**Stored data**
___

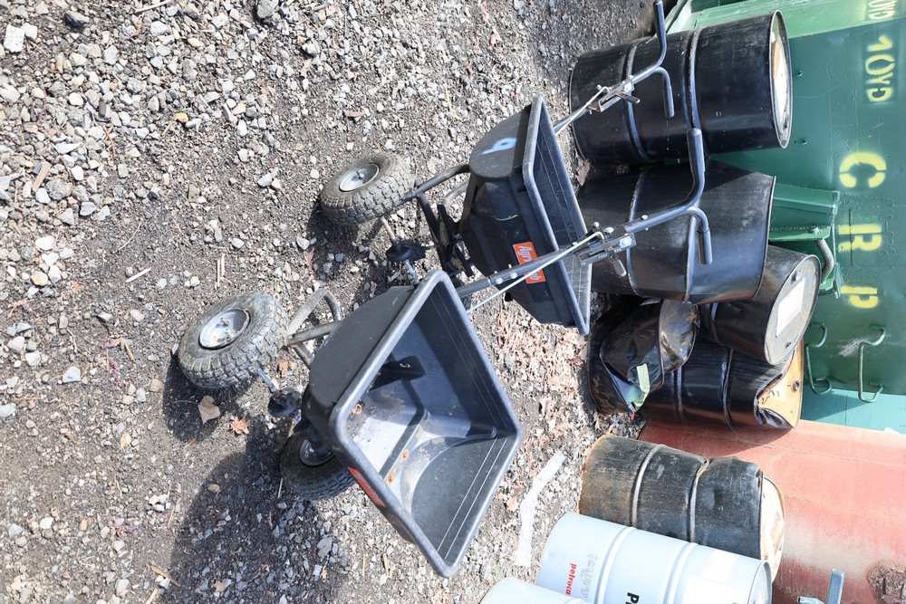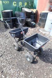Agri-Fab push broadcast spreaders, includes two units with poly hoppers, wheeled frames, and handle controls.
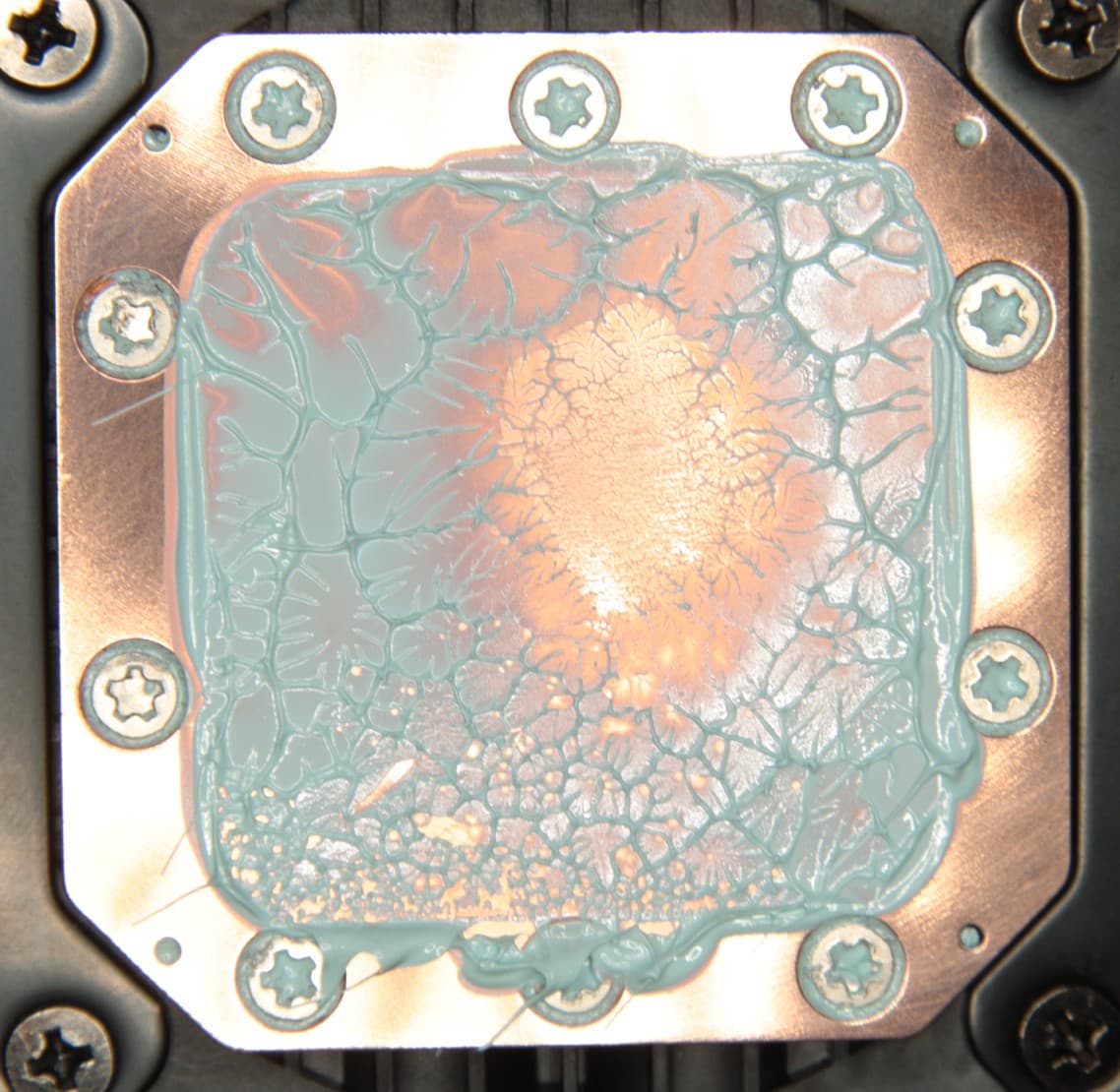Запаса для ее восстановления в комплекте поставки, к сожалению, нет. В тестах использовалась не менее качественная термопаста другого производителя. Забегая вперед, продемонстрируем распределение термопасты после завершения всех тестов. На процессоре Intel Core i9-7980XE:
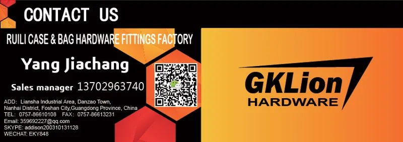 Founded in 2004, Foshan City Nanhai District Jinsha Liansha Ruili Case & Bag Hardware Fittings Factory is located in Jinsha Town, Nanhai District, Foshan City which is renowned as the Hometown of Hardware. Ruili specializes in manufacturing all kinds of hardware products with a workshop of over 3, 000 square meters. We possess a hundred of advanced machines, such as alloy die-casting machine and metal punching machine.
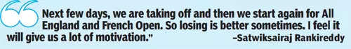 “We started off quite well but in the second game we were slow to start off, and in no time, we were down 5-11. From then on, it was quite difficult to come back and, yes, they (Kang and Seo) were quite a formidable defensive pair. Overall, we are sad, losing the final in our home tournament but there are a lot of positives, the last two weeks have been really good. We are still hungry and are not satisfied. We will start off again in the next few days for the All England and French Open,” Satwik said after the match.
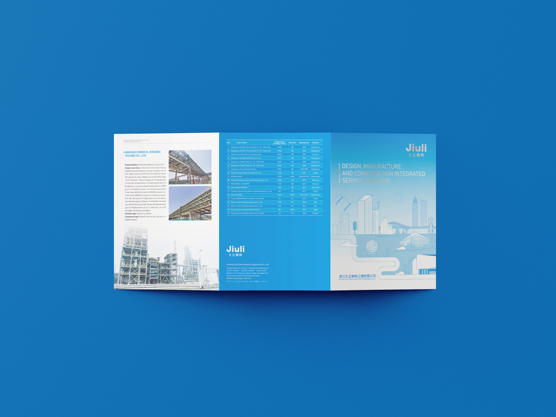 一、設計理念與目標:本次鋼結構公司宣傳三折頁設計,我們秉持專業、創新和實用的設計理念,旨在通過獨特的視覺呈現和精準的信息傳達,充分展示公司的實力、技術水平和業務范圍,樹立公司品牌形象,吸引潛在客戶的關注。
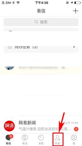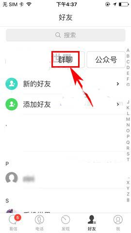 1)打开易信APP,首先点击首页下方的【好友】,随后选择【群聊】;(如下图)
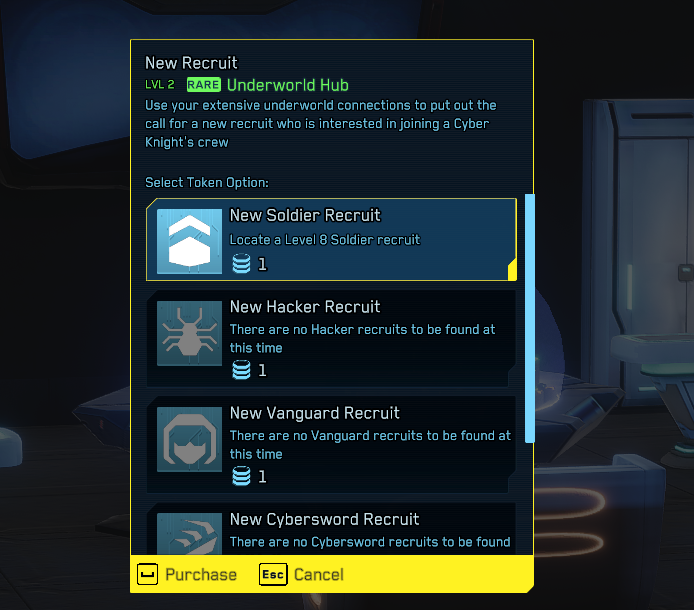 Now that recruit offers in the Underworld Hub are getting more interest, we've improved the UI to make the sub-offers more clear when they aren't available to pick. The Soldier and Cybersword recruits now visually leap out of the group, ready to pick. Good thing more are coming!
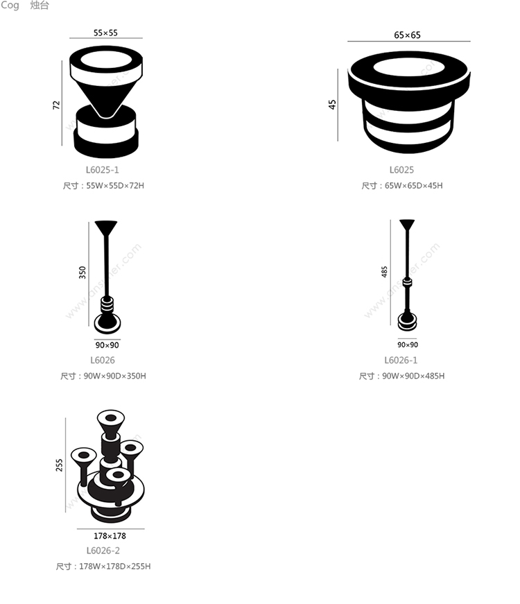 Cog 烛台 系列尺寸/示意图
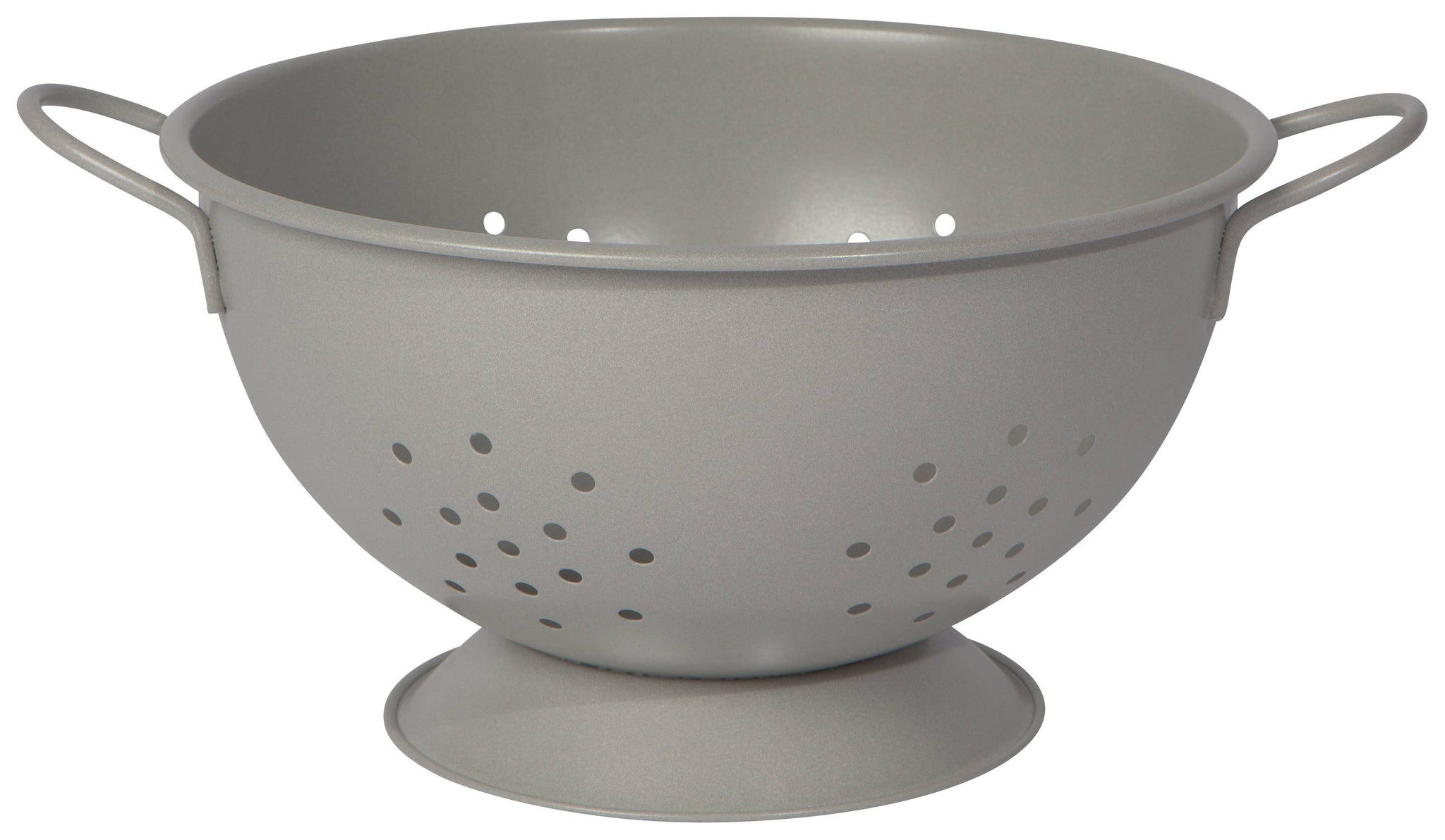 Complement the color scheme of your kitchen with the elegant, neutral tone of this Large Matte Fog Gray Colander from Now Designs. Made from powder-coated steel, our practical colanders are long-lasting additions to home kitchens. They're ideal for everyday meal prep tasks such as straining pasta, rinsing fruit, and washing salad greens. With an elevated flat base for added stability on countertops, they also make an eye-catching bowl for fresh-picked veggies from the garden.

___

**WORK ORDER**
Output each record above exactly as written. Skip any pictures.

**PROBLEM SOLUTION**
Agri-Fab push broadcast spreaders, includes two units with poly hoppers, wheeled frames, and handle controls.
Запаса для ее восстановления в комплекте поставки, к сожалению, нет. В тестах использовалась не менее качественная термопаста другого производителя. Забегая вперед, продемонстрируем распределение термопасты после завершения всех тестов. На процессоре Intel Core i9-7980XE:
 Founded in 2004, Foshan City Nanhai District Jinsha Liansha Ruili Case & Bag Hardware Fittings Factory is located in Jinsha Town, Nanhai District, Foshan City which is renowned as the Hometown of Hardware. Ruili specializes in manufacturing all kinds of hardware products with a workshop of over 3, 000 square meters. We possess a hundred of advanced machines, such as alloy die-casting machine and metal punching machine.
 “We started off quite well but in the second game we were slow to start off, and in no time, we were down 5-11. From then on, it was quite difficult to come back and, yes, they (Kang and Seo) were quite a formidable defensive pair. Overall, we are sad, losing the final in our home tournament but there are a lot of positives, the last two weeks have been really good. We are still hungry and are not satisfied. We will start off again in the next few days for the All England and French Open,” Satwik said after the match.
 一、設計理念與目標:本次鋼結構公司宣傳三折頁設計,我們秉持專業、創新和實用的設計理念,旨在通過獨特的視覺呈現和精準的信息傳達,充分展示公司的實力、技術水平和業務范圍,樹立公司品牌形象,吸引潛在客戶的關注。
 1)打开易信APP,首先点击首页下方的【好友】,随后选择【群聊】;(如下图)
 Now that recruit offers in the Underworld Hub are getting more interest, we've improved the UI to make the sub-offers more clear when they aren't available to pick. The Soldier and Cybersword recruits now visually leap out of the group, ready to pick. Good thing more are coming!
 Cog 烛台 系列尺寸/示意图
 Complement the color scheme of your kitchen with the elegant, neutral tone of this Large Matte Fog Gray Colander from Now Designs. Made from powder-coated steel, our practical colanders are long-lasting additions to home kitchens. They're ideal for everyday meal prep tasks such as straining pasta, rinsing fruit, and washing salad greens. With an elevated flat base for added stability on countertops, they also make an eye-catching bowl for fresh-picked veggies from the garden.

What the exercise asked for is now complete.